Abstract:
The aim of this study was to prepare a mouse monoclonal antibody against the nonstructural protein 1 (NS1) of respiratory syncytial virus (RSV) to analyze its expression and distribution during transfection and infection. Additionally, we aimed to evaluate the antibody\'s application in immunoprecipitation assay. Firstly, the NS1 gene fragment was cloned into a prokaryotic plasmid and expressed in Escherichia coli. The resulting NS1 protein was then purified by affinity chromatography, and used to immunize the BALB/c mice. Subsequently, hybridoma cells capable of stably secreting the NS1 monoclonal antibody were selected using indirect enzyme linked immunosorbent assay (ELISA). This monoclonal antibody was employed in both indirect immunofluorescence assay (IFA) and Western blotting to analyze the expression and distribution of RSV NS1 in overexpressed and infected cells. Finally, the reliability of this monoclonal antibody was evaluated through the immunoprecipitation assay. The results showed that the RSV NS1 protein was successfully expressed and purified. Following immunization of mice with this protein, we obtained a highly specific RSV NS1 monoclonal antibody, which belonged to the IgG1 subtype with an antibody titer of 1:15 360 000. Using this monoclonal antibody, the RSV NS1 protein was identified in both transfected and infected cells. The IFA results revealed predominant distribution of NS1 in the cytoplasm and nucleus.

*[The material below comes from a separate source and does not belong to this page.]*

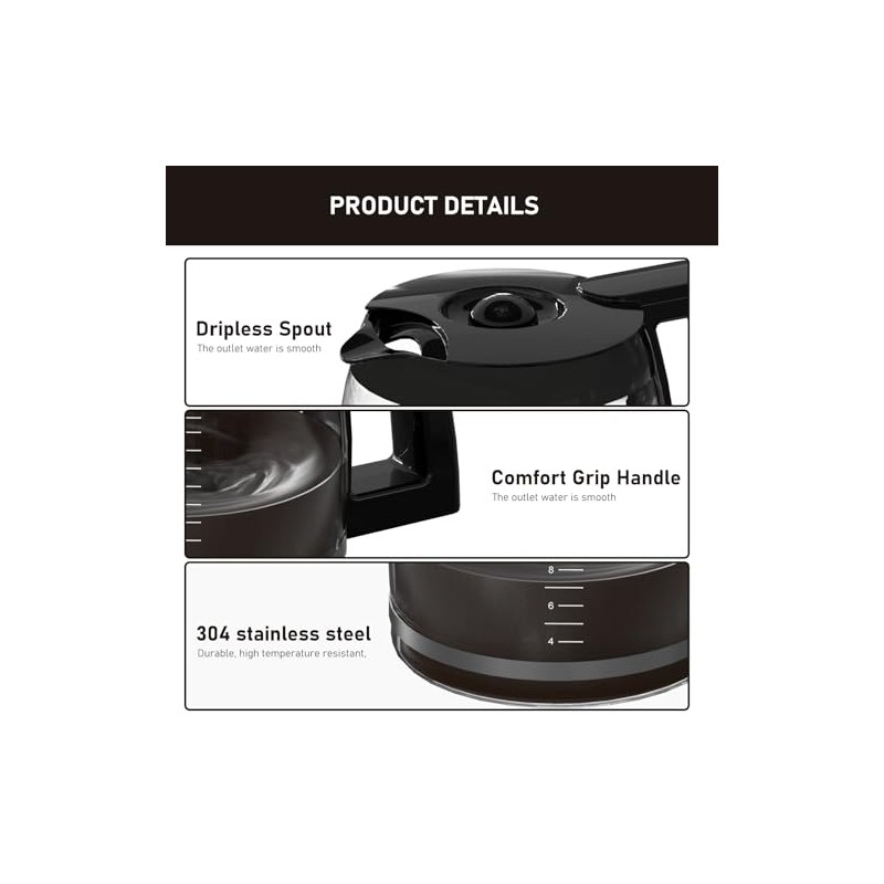 🌟 ⭐ Jarra de repuesto para cafetera Cuisinart DCC-2200RC, DCC-2200, DCC-3200, DCC-3200, DCC-3200P1, DCC-3200FR, DCC-3200CPAMZ, DCC-2600, DCC-2800, DCC-1800FR, CBC-7400 CBCBC-7000 0 unidades ⭐ 🌟

Moreover, we confirmed that this monoclonal antibody could effectively bind specifically to NS1 protein in cell lysates, making it suitable as a capture antibody in immunoprecipitation assay. In conclusion, our study successfully achieved production of the RSV NS1 protein through a prokaryotic expression system and prepared a specific monoclonal antibody against NS1. This antibody demonstrates the ability to specifically identify the NS1 protein and can be used in the immunoprecipitation assay, thereby laying a foundation for the functional studies of the NS1 protein.
摘要:
本研究的目的是制备针对呼吸道合胞病毒(RSV)非结构蛋白1(NS1)的小鼠单克隆抗体,以分析其在转染和感染过程中的表达和分布。此外,我们旨在评估抗体在免疫沉淀测定中的应用。首先,将NS1基因片段克隆到原核质粒中,并在大肠杆菌中表达。然后通过亲和层析纯化所得的NS1蛋白,用于免疫BALB/c小鼠。随后,使用间接酶联免疫吸附测定(ELISA)选择能够稳定分泌NS1单克隆抗体的杂交瘤细胞。该单克隆抗体用于间接免疫荧光测定(IFA)和Western印迹,以分析RSVNS1在过表达和感染细胞中的表达和分布。最后,该单克隆抗体的可靠性通过免疫沉淀试验进行评估.结果表明,成功表达并纯化了RSVNS1蛋白。用这种蛋白质免疫小鼠后,我们获得了高度特异性的RSVNS1单克隆抗体,属于IgG1亚型,抗体滴度为1:15360000。使用这种单克隆抗体,在转染和感染的细胞中均鉴定出RSVNS1蛋白。IFA结果显示NS1在细胞质和细胞核中的主要分布。此外,我们证实了这种单克隆抗体可以有效地特异性结合细胞裂解物中的NS1蛋白,使其适合作为免疫沉淀测定中的捕获抗体。总之,我们的研究成功地通过原核表达系统实现了RSVNS1蛋白的生产,并制备了针对NS1的特异性单克隆抗体。该抗体证明了特异性鉴定NS1蛋白的能力,可用于免疫沉淀测定,从而为NS1蛋白的功能研究奠定基础。